I'm telling you, if you're running up ladders, stairways or walking a ways to the jobsite, you're not going to want a tool bag. And whats with carrying every pipe wrench ever made? I carry an aluminum 14. If it's bigger than that can handle, I quit.


----------



## JWBII (Dec 23, 2012)

LOL come on Flyout...... Ya gotta give it to him, some apprentices don't even show up with a tape and level. At least he's showing initiative with his tools.


----------



## YoungApprentice (Dec 7, 2013)

Flyout95 said:


> I'm telling you, if you're running up ladders, stairways or walking a ways to the jobsite, you're not going to want a tool bag. And whats with carrying every pipe wrench ever made? I carry an aluminum 14. If it's bigger than that can handle, I quit.

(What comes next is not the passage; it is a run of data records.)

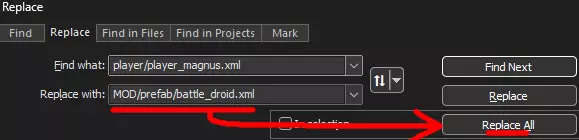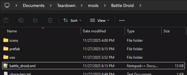 访问《拆迁》目录后,找到data/vox/player路径下的.vox文件和.xml文件。从你想要使用其动画的角色中复制相应的.vox和.xml文件。在本指南中,我将使用马格纳斯,因此我会复制player_magnus.vox和player_magnus.xml,并将player_magnus.vox粘贴到我的vox文件夹中,将player_magnus.xml粘贴到我的prefab文件夹中。现在你可以重命名你的.xml和/vox文件,但要记住新名称,因为它们在接下来的步骤中很重要。我将它们重命名为battle_droid.vox和battle_droid.xml,你也可以根据你的角色进行重命名。 如果你在重命名时没有看到“.xml”或“.”末尾的“vox”没有问题;如果你想查看它,在Windows系统中,你可以点击“查看”>“显示”>“文件扩展名”,并确保该选项已勾选。 接下来,你需要用记事本或Notepad++打开你的.xml文件。再次说明,我推荐使用Notepad++,但普通记事本也可以。在第一行,你应该会看到“name="instance=player/player_[你选择的角色].xml”这样的内容。以我为例,这一行显示的是“name="instance=player/player_magnus.xml"”。这是直接来自目录内的原始.xml文件路径,但这不是我们需要的路径,所以必须进行修改。首先,在开头添加“MOD”;“MOD”这个关键词指的是你的模组目录。然后,添加你的模组的新.xml文件路径。以我为例,我将player_magnus.xml复制粘贴到了我的Prefab文件夹中,所以我的路径是“MOD/Prefab/battle_droid.xml”。.
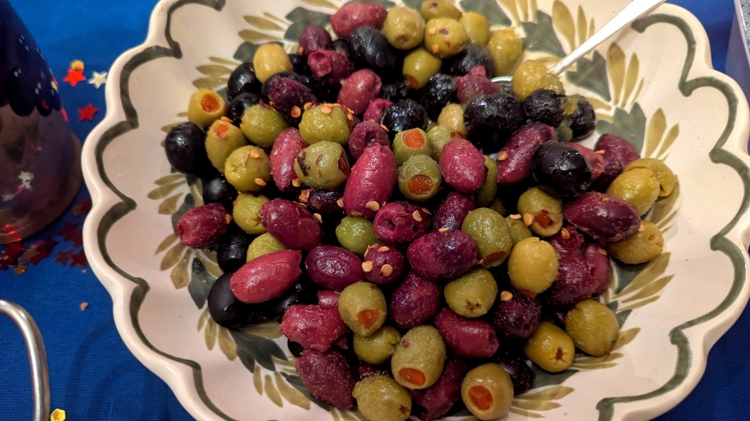 I put out a mixture of green, black and kalamata olives, tossed in extra virgin olive oil and sprinkled with red pepper flakes. I also served a plate of fresh mozzarella slices with an extra virgin drizzle. Crusty bread for everyone, too.
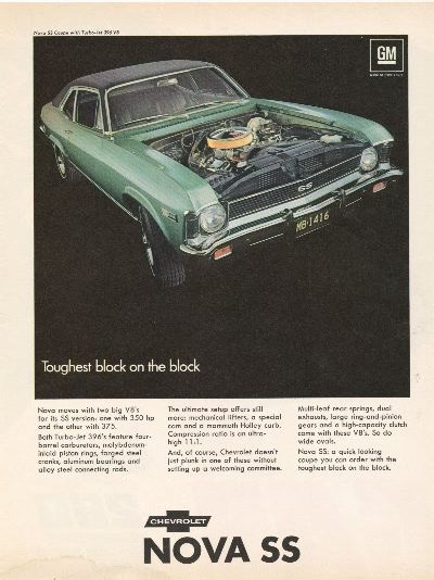 Marlin 70 Yenko Nova-350/360, 4speed M21, 4.10 Posi (Daddy's Ride) 69 SS Nova-396/375hp, 4speed M20, 3.55 Posi (Benjamin's Ride) 67 RS Camaro-327/250hp, 2speed Glide, & 3.08 Open (Danny's Ride) |
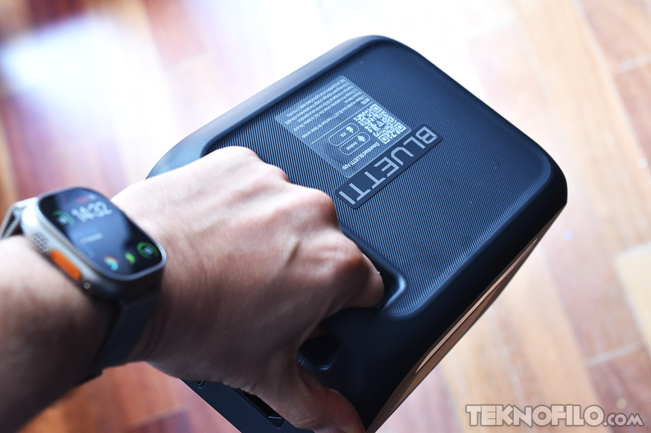 La estación incorpora un asa a un lado para que sea fácil agarrarla. Se nota robusta y no hay riesgo de que se rompa por el uso.
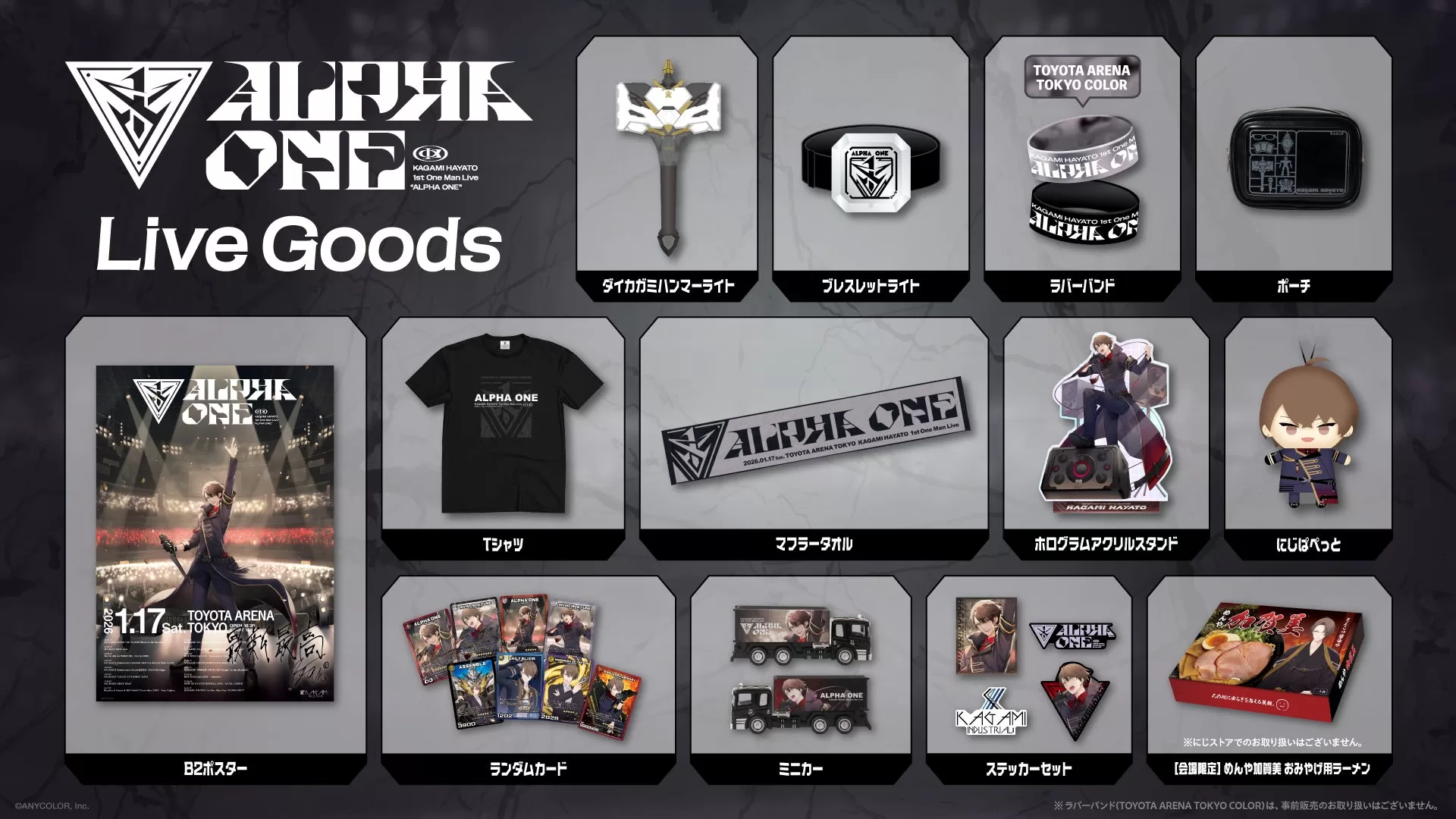 2026年1月17日(土)にTOYOTA ARENA TOKYOにて開催される「加賀美ハヤト 1st One Man Live “ALPHA ONE”」(https://www.nijisanji.jp/events/kagami_alphaone/)のライブグッズが登場!

I carry my tools in from my truck then carry it up 2 flights of stairs to the boiler room and set them down and work for the day... It's a little bit of a walk but I'm not carrying my bag all day up and down ladders.

I like to be prepared  right now doing 6" steel so pipe wrenches aren't always used every day for me I could always leave them in the job box at work


----------



## Flyout95 (Apr 13, 2012)

If you wanna spend that much on a bag go for it... But I regret buying them.


----------



## YoungApprentice (Dec 7, 2013)

Flyout95 said:


> If you wanna spend that much on a bag go for it... But I regret buying them.

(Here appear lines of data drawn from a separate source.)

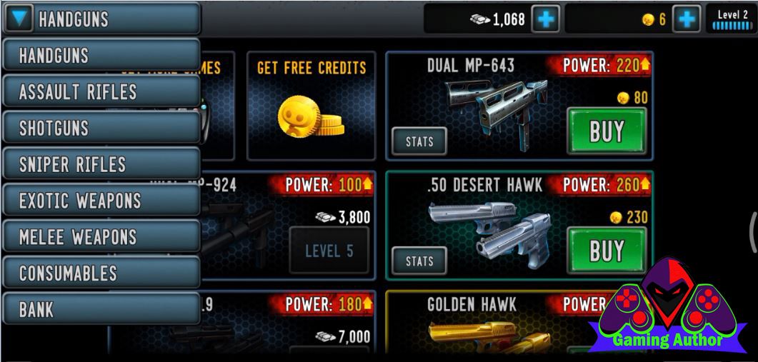 Next we went back to the main menu of the game and look for the menu called the STORE where the menu is where we buy weapons to kill zombies in this game. which in this menu there are an awful lot of weapons we buy. To be able to buy weapons that are in this menu we should use gold and money we have we get after completing missions in this game. Here are the names of the menu features a weapon that we can buy in this menu:
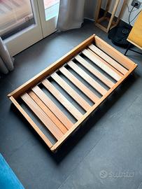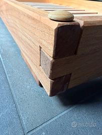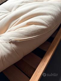 Lettino montessoriano artigianale a doghe per bambini misure esterne 126x66cm, interne 120x60cm in legno Okumé naturale con materasso futon 120x60cm 100% cotone naturale a 4 falde del famoso marchio Vivere Zen.
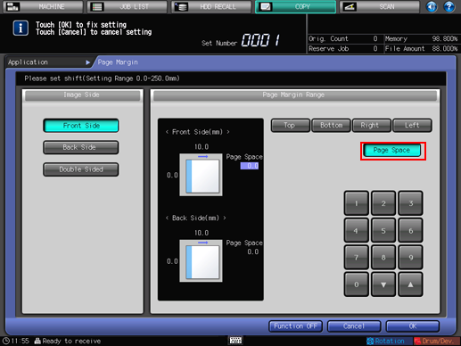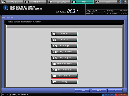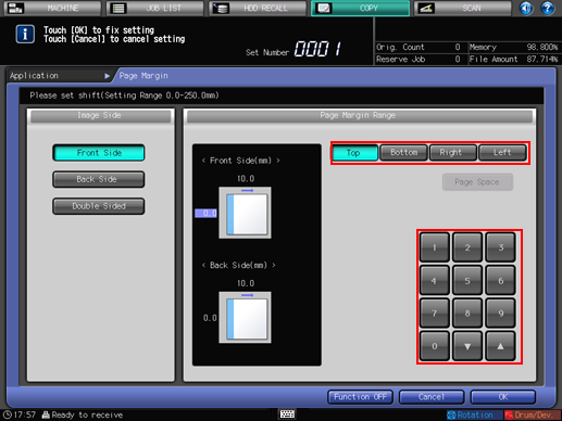 To resume the original settings, press [Cancel]. To cancel the [Page Margin] function with the current setting saved, press [Function OFF].
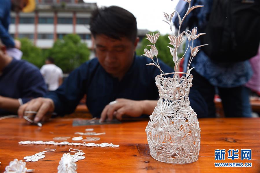 4月19日,在台江县姊妹街,银饰工匠参加非遗手工技艺比赛。 当日,贵州黔东南苗族侗族自治州台江县举办“妈妈制造”非遗手工技艺比赛,比赛以银饰、刺绣、扎染等现场创意手工为主要竞赛内容,200余人同场竞技。 新华社发(刘开福 摄)
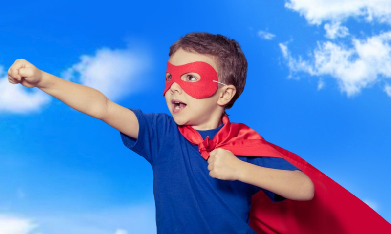 - In onze verkleedruimte kun je een superheldenpak en -cape uitzoeken.

You have a point the xl was 235$ at the store I went too which is expensive. I just need a bag that has lots of pockets I guess


----------



## Flyout95 (Apr 13, 2012)

YoungApprentice said:


> You have a point the xl was 235$ at the store I went too which is expensive. I just need a bag that has lots of pockets I guess


I find that in a day it's trashed anyways. I have a rough bag, trim bag, copper bag, layout bag and lead bag.


----------



## YoungApprentice (Dec 7, 2013)

Flyout95 said:


> I find that in a day it's trashed anyways. I have a rough bag, trim bag, copper bag, layout bag and lead bag.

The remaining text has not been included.